On any given day, NASA’s networks may communicate with over 100 space missions. Whether the mission keeps the lines of communication open with orbiting astronauts or peers deep into the cosmos, those dozens of satellites all have one thing in common: each needs an antenna. Without one, NASA missions and their discoveries simply would not be possible.
To ensure those antennas are up to the challenges of spaceflight, for most that means rigorous testing on the ground in a simulated space environment. The Goddard ElectroMagnetic Anechoic Chamber (GEMAC) at NASA’s Goddard Space Flight Center in Greenbelt, Maryland, has been an integral antenna proving ground for more than 50 years.
‘Sound Booth’ for Space Signals
Rows upon rows of cobalt-blue spires in Goddard’s antenna chamber evoke a soundproof room or isolation booth from a recording studio. In some ways the chamber is similar, but instead of dampening sound waves, this facility blocks out radio signals and eliminates radio wave reflections inside the chamber – “anechoic” means no echoes.

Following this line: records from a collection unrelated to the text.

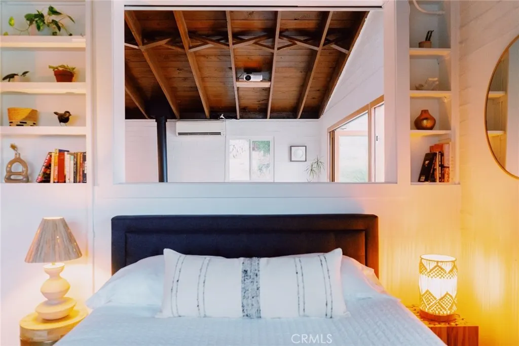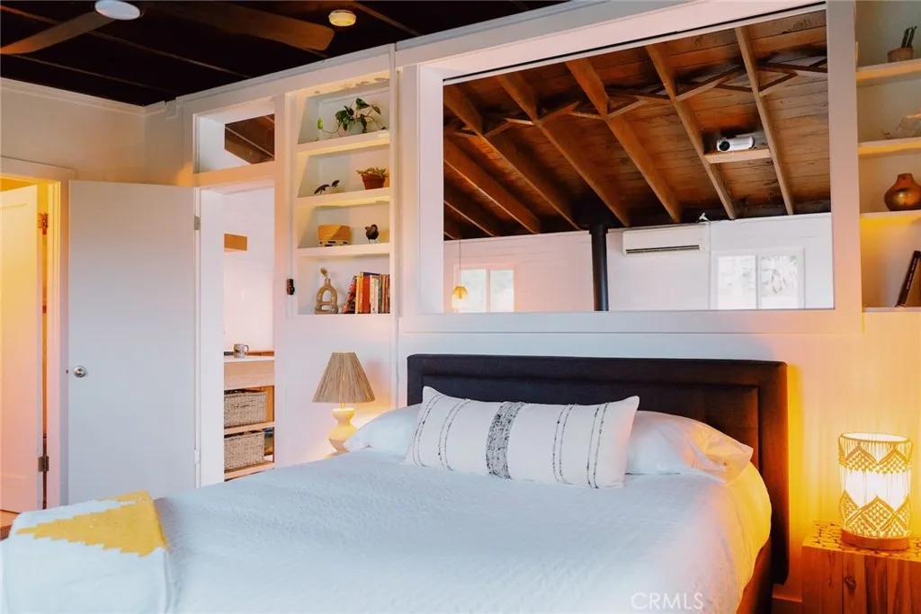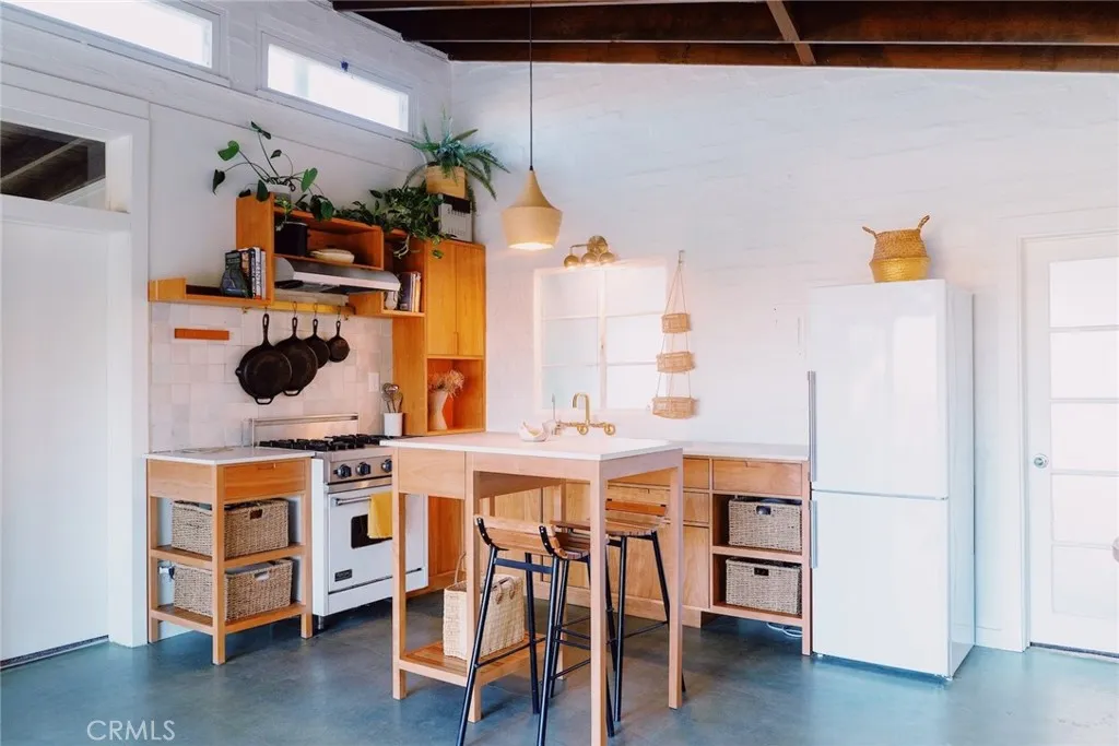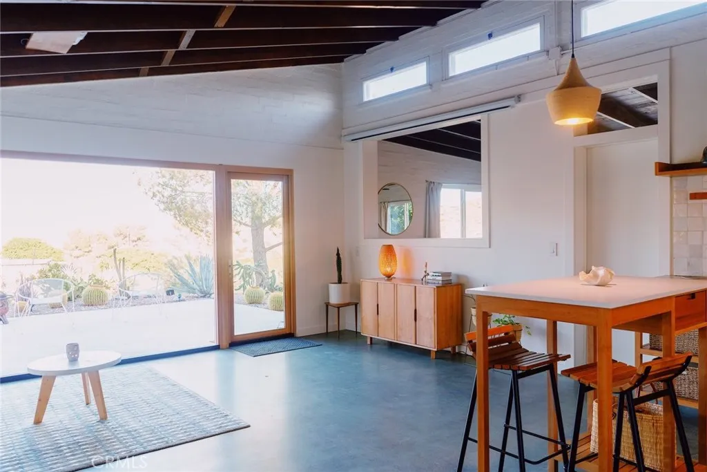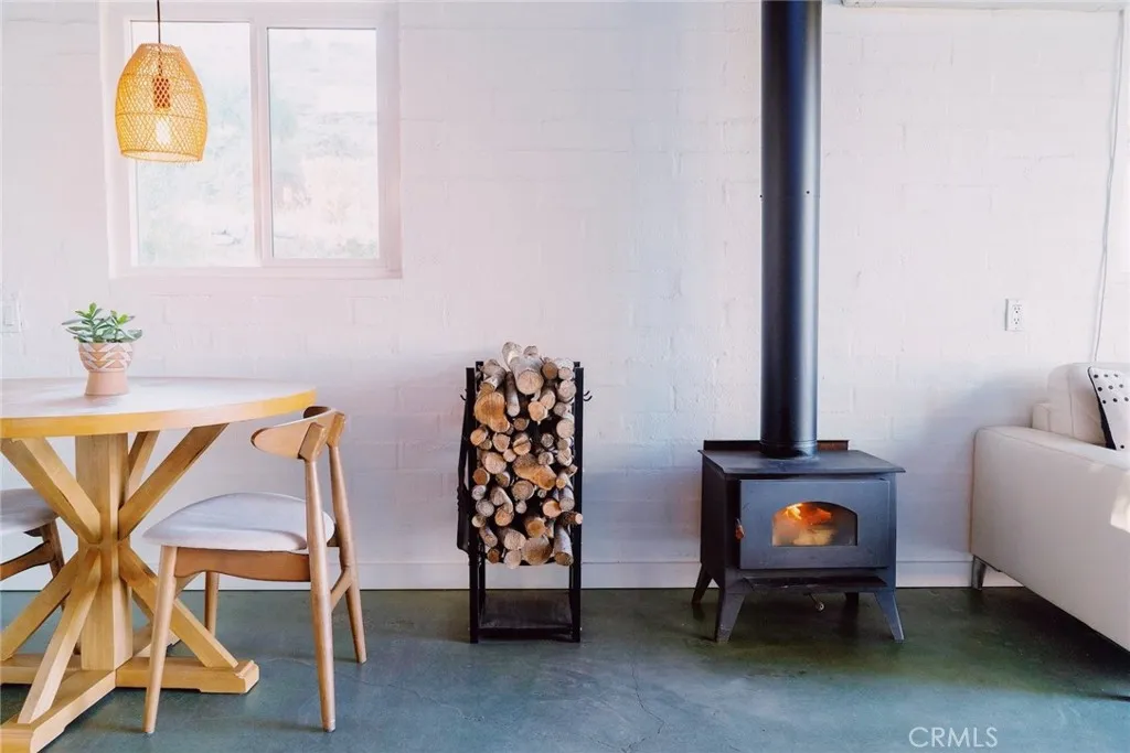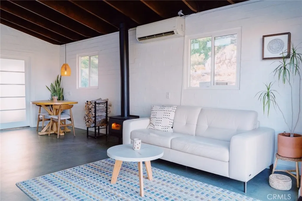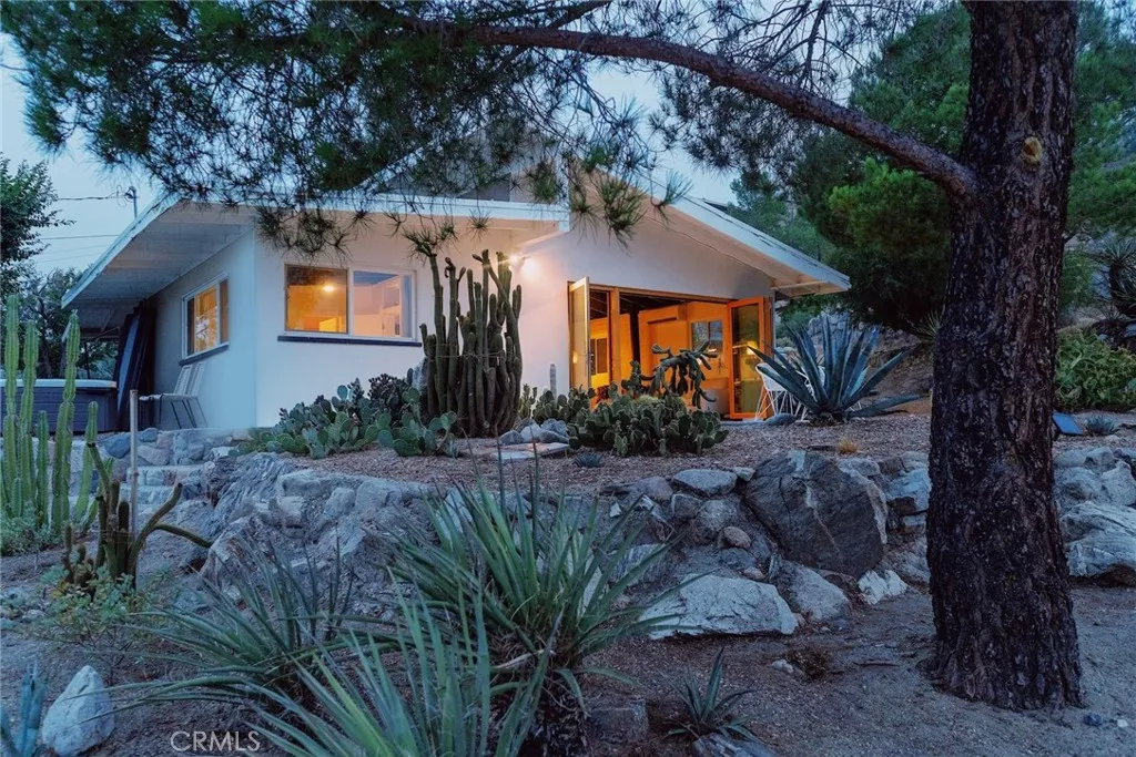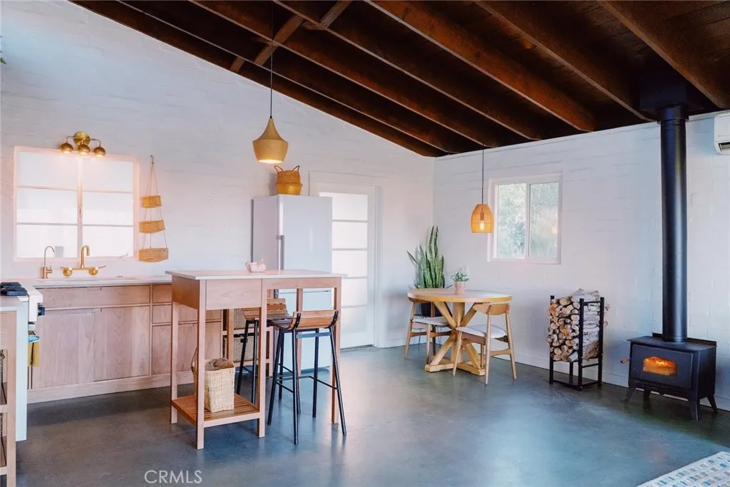***BEAUTIFULLY REMODELED MID-CENTURY GEM*** This 1950-built mid-century bungalow has been beautifully restored and remodeled with custom designer finishes and amenities. Nestled up against a hillside, the glass wall of the great room features custom La Cantina bifold doors that open the whole house up to a serene mature cactus garden with epic long views of layered mountains. Inside is a wood-burning stove that provides both heat and ambience. A new mini split unit provides additional heat and air conditioning for year-round comfort. The designer kitchen features custom cherry wood cabinetry by local designer Fire on the Mesa, a hidden Fisher Paykel dishwasher drawer, a filtered water system, and a gas Viking range. The polished concrete floors stretch throughout the kitchen and great room areas. The vaulted wooden beamed ceiling covers the entire space, and add to the open and relaxing feeling of the naturally lit interior. The bedroom also features view windows and provides a quiet comfortable space for sleeping. The bathroom includes a tiled shower and beautiful custom cabinetry as well as a concrete sink crafted by a local designer. There is a bonus room along the backside of the home provides extra living space, and could be used for a second bedroom or office, as well as new laundry facilities that are easy to access but out of view. The detached garage has been upgraded, insulated, and finished inside for use as a studio, recreation space, or as a two-car garage. This dreamy hideaway is well located on a quiet paved road and has easy access to local amenities, and is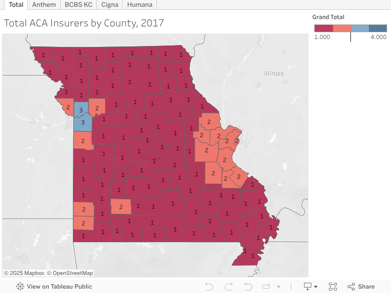 In the last few months Americans found out that several insurers, including major players Aetna and United, would largely exit the Obamacare exchanges in the coming year. In most Missouri counties, that leaves only one insurer providing any kind of exchange coverage at all. As I pointed out in Forbes, Missouri has been more or less divvied up among Blue Cross Blue Shield insurers, with effective exchange monopolies for both in many regions of the state.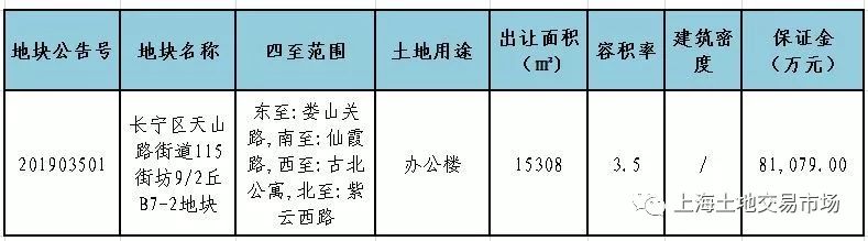 2019年5月6日,上海市土地交易市场举行长宁区天山路街道115街坊9/2丘B7-2地块国有建设用地使用权挂牌截止及现场竞价活动,最终一家香港公司经过近1个小时的激烈竞拍后以24.2亿元总价溢价49%夺得该地块,成交总价较起拍总价高出近8亿元,成交楼板价超过4.5万元/㎡。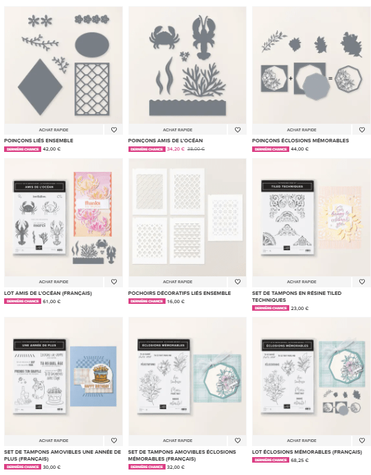 Pourquoi ? parce que la section « Dernière chance » vous permet d’acquérir les anciens modèles et très souvent à prix réduits! Cette section est accessible tout au long de l’année, vous pourrez y faire vos emplettes créatives sans contrainte de calendrier (jusqu’à épuisement des stocks)!

Much like laying down tracks on a hit album, errant ambient noise picked up by the microphone can ruin an otherwise perfect take. The same is true with radio waves when engineers want to test a spacecraft antenna. The radio environment on Earth is “noisy”: AM and FM broadcasts, television signals, cell phones, even microwave ovens, all produce radio frequencies – RF. To simulate the relatively tranquil RF environment of space, engineers need a way to isolate antennas from all these other Earth-based radio waves when they run their tests.
That’s the job of those tightly packed columns of spikes lining the floors and walls. These polyurethane foam cones are microwave absorbers. They block outside interference and noise, and within the chamber’s “quiet zone” as engineers call it, they provide a reflection-free environment like the antenna will experience in space.
Antennas Put to the Test
With this radio-proof environment, engineers at Goddard can accurately measure how efficiently antennas broadcast and receive signals. If an antenna’s signal were to go in unexpected or undesired directions during flight, it could mean the loss of mission data, or even the entire spacecraft itself if a critical command were missed.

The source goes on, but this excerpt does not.